Come dicevo, se ci fosse giustizia a questo mondo, la palma di tormentone spetterebbe a "Young Folks", primo singolo tratto dall'album "Writer's Block" del trio svedese "Peter Bjorn and John" (senza virgole). È da tempo che non sentivo una canzone così orecchiabile e trascinante, impregnata di spirito indie-pop fino al midollo senza per questo risultare fastidiosa, con un ritornello-killer che resta in testa subito dopo il primo ascolto. La formula del singolo viene mantenuta anche in tutte le restanti tracce e, tralasciando i facili giochi di parole con il titolo dell'album, vado subito al punto per affermare che sono nate delle nuove star.
Certo, "Peter Bjorn and John" sono sulla scena musicale già da qualche tempo e possono vantare al loro attivo tre LP (compreso quello in questione) e svariati EP, ma è senz'altro con quest'ultimo album che si sono imposti all'attenzione del pubblico europeo; inutile dire che la strada al successo è ancora lunga, come dimostra la difficile reperibilità (almeno in Italia) dei loro album, però il simpatico video a cartoon di "Young Folks" si sta già facendo strada su MTV e penso (spero) che sia solo questione di tempo.
Come ho già anticipato, le restanti nove canzoni di "Writer's Block" (escludendo la title-track rumoristica d'introduzione) si attestano su ottimi livelli: tutte quante sembrano uscite da un disco pop degli anni Sessanta, ed il debito verso i Beatles è ben evidente, senza per questo schiacciare la qualità intrinseca dei brani. Gli arrangiamenti sono ottimi, molto "indie", caratterizzati da suoni distorti e voce in bilico sulla stonatura, in modo da creare l'illusione (perchè di illusione si tratta) che ogni traccia sia stata registrata al volo, in un'unica take, per essere ascoltata unicamente fra amici e non destinata alla vendita al pubblico.

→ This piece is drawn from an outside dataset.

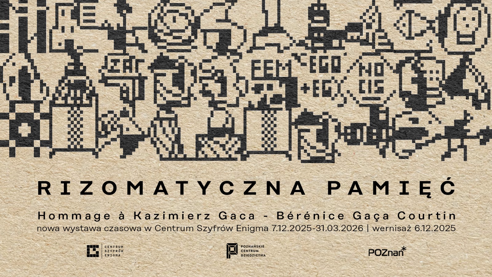 Wystawa „Rizomatyczna Pamięć – Hommage à Kazimierz Gaca” artystki Bérénice Gaça Courtin w Centrum Szyfrów Enigma to wyjątkowe spotkanie współczesnej sztuki z historią polskich kryptologów oraz z osobistą pamięcią rodzinną. Artystka — wnuczka Kazimierza Gacy, najmłodszego członka zespołu, który łamał szyfry Enigmy — tworzy wielkoformatowe tkaniny i intymne miniatury-kody, w których zapisuje własny alfabet pamięci. Jej nitroglify, współczesne hieroglify utkane nicią na cyfrowym krośnie, splatają wątki wojennej biografii, mitologii i rodzinnych historii.

Nello specifico, sono senz'altro degne di nota "Let's Call It Off", ritmata e impreziosita da begli assoli di chitarra, "The Chills", la canzone più cupa del disco e dotata di una suggestiva parte finale a voci sovrapposte, "Roll The Credits", una sorta di "Politik" coldplayana più solare, e il brano conclusivo "Poor Cow", sostenuto solo da una chitarra acustica e poco altro. Non mancano i brani minori, se non proprio riempitivi: "Start To Melt" è del tutto prescindibile, mentre "Up Against The Wall", con i suoi oltre sette minuti, vorrebbe essere epica, ma risulta solo noiosa e ripetitiva (con una potatina sarebbe un buon pezzo).
Per concludere, un ottimo album per questa band semisconosciuta che punta in alto e ha le capacità per ottenere un grande successo. Un successo che, senza dubbio, si meriterebbe.